I worked this out myself and I was wondering if somebody could help me and see if I have made any mistakes. It's a bit of a tautology since an open disc is called an open disc but I wanted to prove this from my definition

Definition: $E \subseteq \mathbb{C}$ is open $\iff$

1. E is empty or
2. $\forall a \in E, \exists r > 0$ such that $D(a,r) \subseteq E$

where $D(a,r) = \{ z \in \mathbb{C}: |z-a| < r \}$ (open disc).

So let's prove that D(a,r) itself is open!

We want to prove the statement

$\forall b \in D(a,r), \exists s > 0$ such that $D(b,s) \subseteq D(a,r)$

Proof:

Let $b \in D(a,r)$. Then $|b-a| < r$.
Choose $s = r - |b-a| > 0$ since $|b-a| < r$.

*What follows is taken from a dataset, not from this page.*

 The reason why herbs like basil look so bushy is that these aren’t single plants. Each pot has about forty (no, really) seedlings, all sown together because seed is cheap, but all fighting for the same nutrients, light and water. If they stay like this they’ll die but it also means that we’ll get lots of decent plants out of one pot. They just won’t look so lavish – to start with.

Let $z \in D(b,s)$. Then $|z-a| \le |z-b| + |b-a| < s + |b-a| = r - |b-a| + |b-a| = r$.
Hence $z \in D(a,r)$ and we conclude that $D(b,s) \subseteq D(a,r)$.

2. looks good to me

3. Originally Posted by slevvio
I worked this out myself and I was wondering if somebody could help me and see if I have made any mistakes. It's a bit of a tautology since an open disc is called an open disc but I wanted to prove this from my definition

Definition: $E \subseteq \mathbb{C}$ is open $\iff$

1. E is empty or
2. $\forall a \in E, \exists r > 0$ such that $D(a,r) \subseteq E$

where $D(a,r) = \{ z \in \mathbb{C}: |z-a| < r \}$ (open disc).

So let's prove that D(a,r) itself is open!

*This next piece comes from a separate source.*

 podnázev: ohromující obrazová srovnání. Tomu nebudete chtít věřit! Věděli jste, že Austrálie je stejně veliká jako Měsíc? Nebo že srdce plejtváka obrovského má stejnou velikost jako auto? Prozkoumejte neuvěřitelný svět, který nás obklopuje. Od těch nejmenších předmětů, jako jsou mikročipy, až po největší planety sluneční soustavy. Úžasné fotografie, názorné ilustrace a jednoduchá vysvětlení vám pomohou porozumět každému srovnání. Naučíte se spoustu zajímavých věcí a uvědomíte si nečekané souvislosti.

We want to prove the statement

$\forall b \in D(a,r), \exists s > 0$ such that $D(b,s) \subseteq D(a,r)$

Proof:

Let $b \in D(a,r)$. Then $|b-a| < r$.
Choose $s = r - |b-a| > 0$ since $|b-a| < r$.

Let $z \in D(b,s)$. Then $|z-a| \le |z-b| + |b-a| < s + |b-a| = r - |b-a| + |b-a| = r$.
Hence $z \in D(a,r)$ and we conclude that $D(b,s) \subseteq D(a,r)$.
The idea of your proof should be clear graphically. Draw a disc without its boundary, call it $D$ with center $d$ and radius $r$. Let $x\in D$ be arbitrary. Then, really all you're claiming is that the open disc with radius $r-\ell\left(\overline{dx}\right)$ is completely contained within $D$. But, this disc is merely tangent to the outer disc and since it doesn't include its boundary it follows that its contained entirely within $D$.

This was not meant to be rigorous, but a geometric reason why this is true.

P.S. Just because the adjective open is applied to open ball doesn't imply that it's open. Be careful of what you call a tautology.

4. But in a metric space, an open ball is an open set.
I don't understand why you're trying to prove a definition ?

5. Originally Posted by Moo
But in a metric space, an open ball is an open set.
I don't understand why you're trying to prove a definition ?
In my limited experience, it is often not taken that an open ball is an open set. You call an open set just any set such that for each point in the set there exists an open ball around it entirely contained in the set. Nothing in there made it neccessary that the open ball was open. But, as Slevvio showed it is not hard to prove that giving an open ball its name is justified.